Where are processors valid?

Processors are valid:

  • At the top-level in the configuration. The processor is applied to all data collected by {beatname_uc}.

  • Under a specific {processor-scope}. The processor is applied to the data collected for that {processor-scope}.

Conditions

Each condition receives a field to compare. You can specify multiple fields under the same condition by using AND between the fields (for example, field1 AND field2).

For each field, you can specify a simple field name or a nested map, for example dns.question.name.

See [exported-fields] for a list of all the fields that are exported by {beatname_uc}.

The supported conditions are:

equals

With the equals condition, you can compare if a field has a certain value.
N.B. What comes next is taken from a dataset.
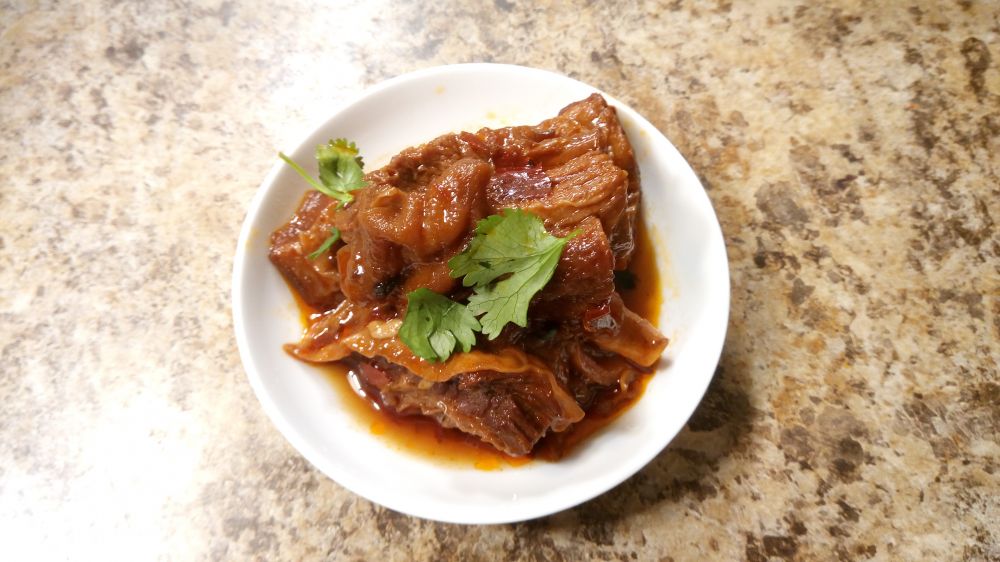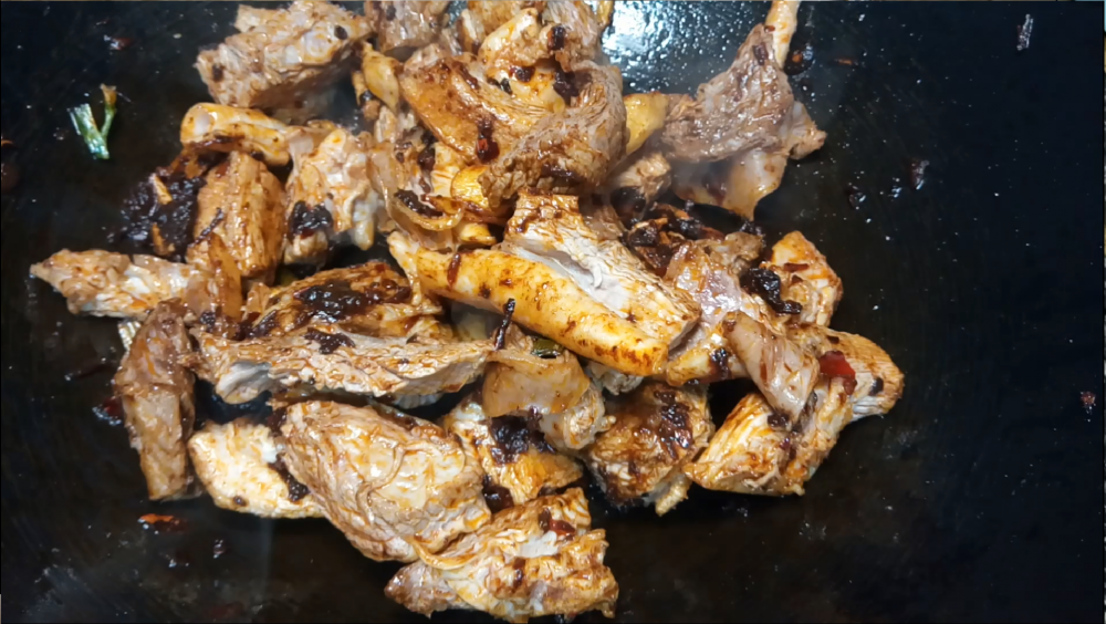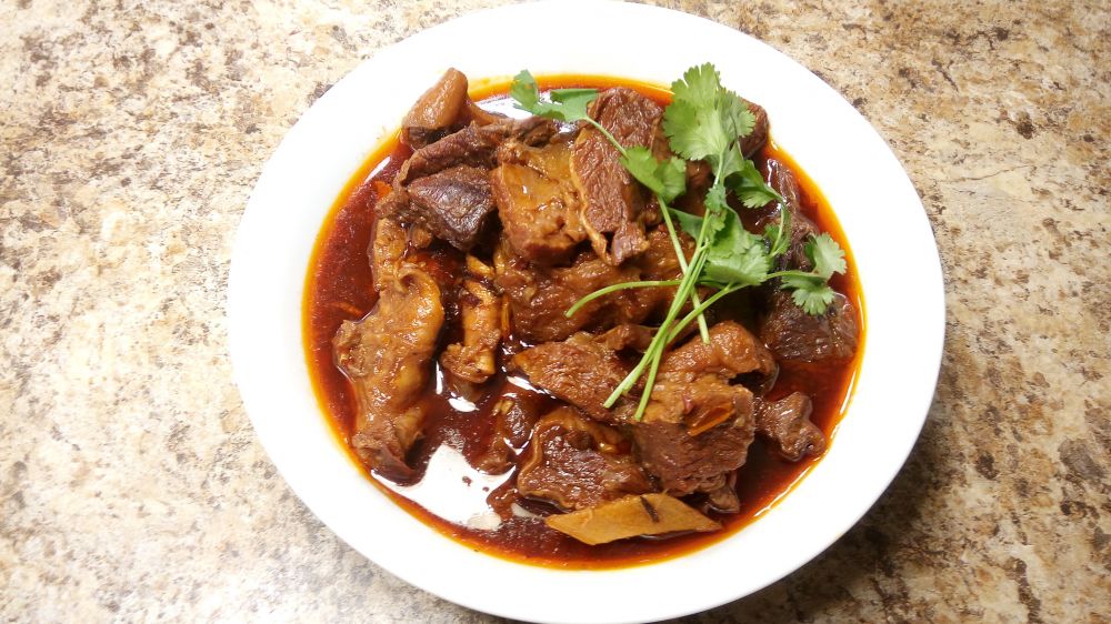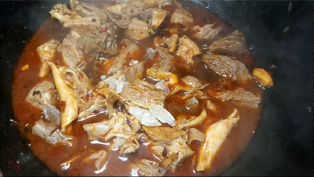 葱姜蒜各20-30g爆香,少量八角桂皮,加豆瓣酱50-60g炒出红油,放入牛肉炒2-3分钟,加糖色水,加冰糖5-10g、料酒30-40ml、基础盐量1茶匙约7g,高压锅炖35分钟后开盖,调味调色,大致是加盐1/2-1茶匙3-7g、味精1/4-1/2茶匙、生抽30ml,要根据具体情况调整。

The condition accepts only an integer or a string value.

For example, the following condition checks if the response code of the HTTP transaction is 200:

equals:
  http.response.code: 200
contains

The contains condition checks if a value is part of a field. The field can be a string or an array of strings. The condition accepts only a string value.

For example, the following condition checks if an error is part of the transaction status:

contains:
  status: "Specific error"
regexp

The regexp condition checks the field against a regular expression. The condition accepts only strings.

For example, the following condition checks if the process name starts with foo:

regexp:
  system.process.name: "foo.*"
range

The range condition checks if the field is in a certain range of values. The condition supports lt, lte, gt and gte. The condition accepts only integer or float values.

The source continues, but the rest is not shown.